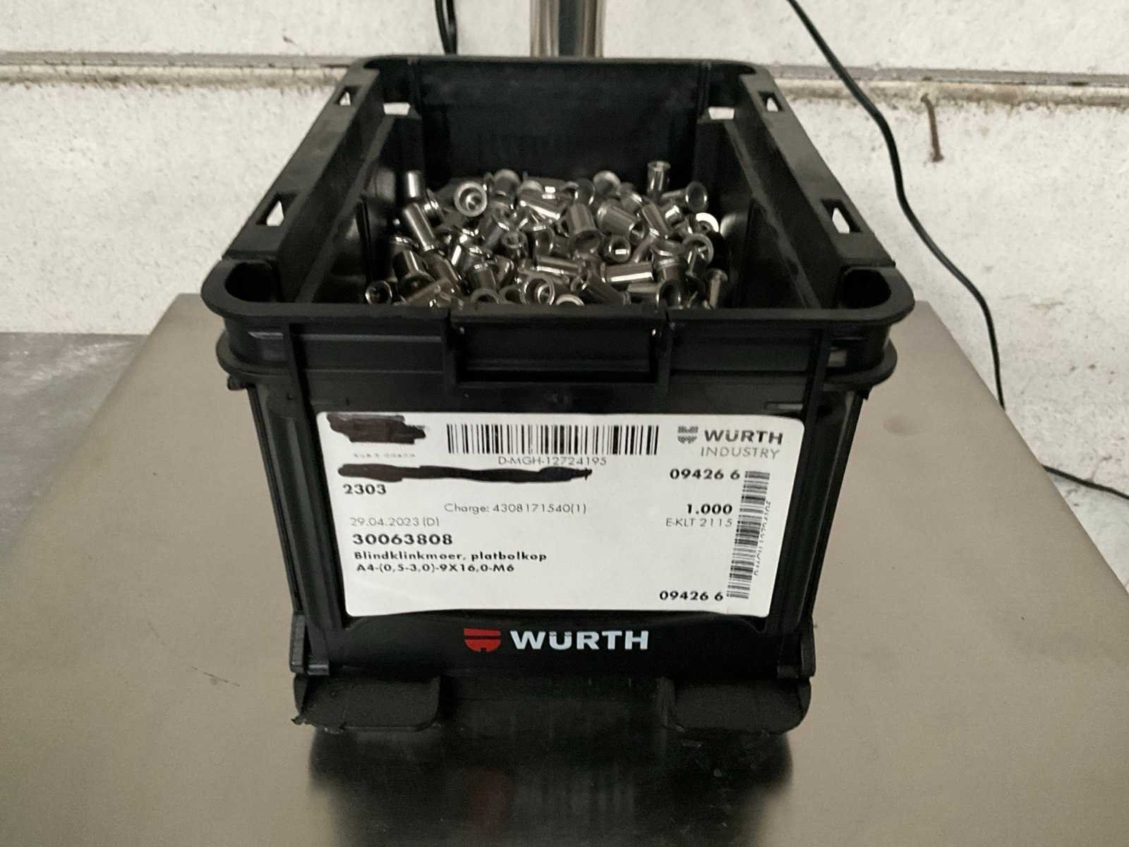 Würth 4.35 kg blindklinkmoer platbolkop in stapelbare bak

==

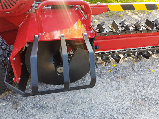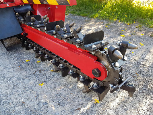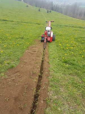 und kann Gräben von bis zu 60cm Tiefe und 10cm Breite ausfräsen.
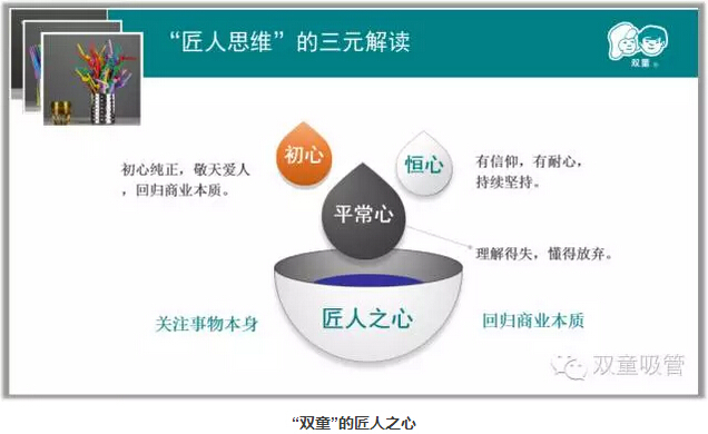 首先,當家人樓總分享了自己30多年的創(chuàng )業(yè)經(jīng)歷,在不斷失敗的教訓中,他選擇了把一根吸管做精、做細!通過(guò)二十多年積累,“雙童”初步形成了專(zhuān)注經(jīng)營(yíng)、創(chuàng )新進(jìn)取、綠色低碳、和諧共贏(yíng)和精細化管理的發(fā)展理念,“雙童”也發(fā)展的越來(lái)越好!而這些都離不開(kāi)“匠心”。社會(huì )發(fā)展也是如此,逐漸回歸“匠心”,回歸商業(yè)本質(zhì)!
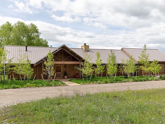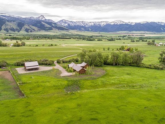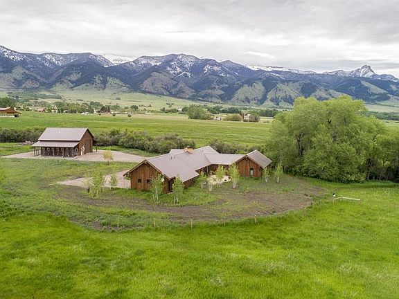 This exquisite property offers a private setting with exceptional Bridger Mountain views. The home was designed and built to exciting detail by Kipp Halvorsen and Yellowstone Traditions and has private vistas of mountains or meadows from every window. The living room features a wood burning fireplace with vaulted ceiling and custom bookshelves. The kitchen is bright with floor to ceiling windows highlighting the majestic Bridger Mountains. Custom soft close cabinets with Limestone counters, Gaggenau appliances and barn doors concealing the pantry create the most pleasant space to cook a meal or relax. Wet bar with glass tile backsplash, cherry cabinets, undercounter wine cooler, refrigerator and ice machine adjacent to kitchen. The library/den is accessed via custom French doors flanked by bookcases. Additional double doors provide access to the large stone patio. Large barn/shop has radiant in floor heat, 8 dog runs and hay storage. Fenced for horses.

### [TRY IT]
Everything between and including the line above containing "und kann Gräben" and the line containing "This exquisite property" should be reproduced exactly, with pictures excluded.

### [ANSWER SECTION]
 und kann Gräben von bis zu 60cm Tiefe und 10cm Breite ausfräsen.
 首先,當家人樓總分享了自己30多年的創(chuàng )業(yè)經(jīng)歷,在不斷失敗的教訓中,他選擇了把一根吸管做精、做細!通過(guò)二十多年積累,“雙童”初步形成了專(zhuān)注經(jīng)營(yíng)、創(chuàng )新進(jìn)取、綠色低碳、和諧共贏(yíng)和精細化管理的發(fā)展理念,“雙童”也發(fā)展的越來(lái)越好!而這些都離不開(kāi)“匠心”。社會(huì )發(fā)展也是如此,逐漸回歸“匠心”,回歸商業(yè)本質(zhì)!
 This exquisite property offers a private setting with exceptional Bridger Mountain views. The home was designed and built to exciting detail by Kipp Halvorsen and Yellowstone Traditions and has private vistas of mountains or meadows from every window. The living room features a wood burning fireplace with vaulted ceiling and custom bookshelves. The kitchen is bright with floor to ceiling windows highlighting the majestic Bridger Mountains. Custom soft close cabinets with Limestone counters, Gaggenau appliances and barn doors concealing the pantry create the most pleasant space to cook a meal or relax. Wet bar with glass tile backsplash, cherry cabinets, undercounter wine cooler, refrigerator and ice machine adjacent to kitchen. The library/den is accessed via custom French doors flanked by bookcases. Additional double doors provide access to the large stone patio. Large barn/shop has radiant in floor heat, 8 dog runs and hay storage. Fenced for horses.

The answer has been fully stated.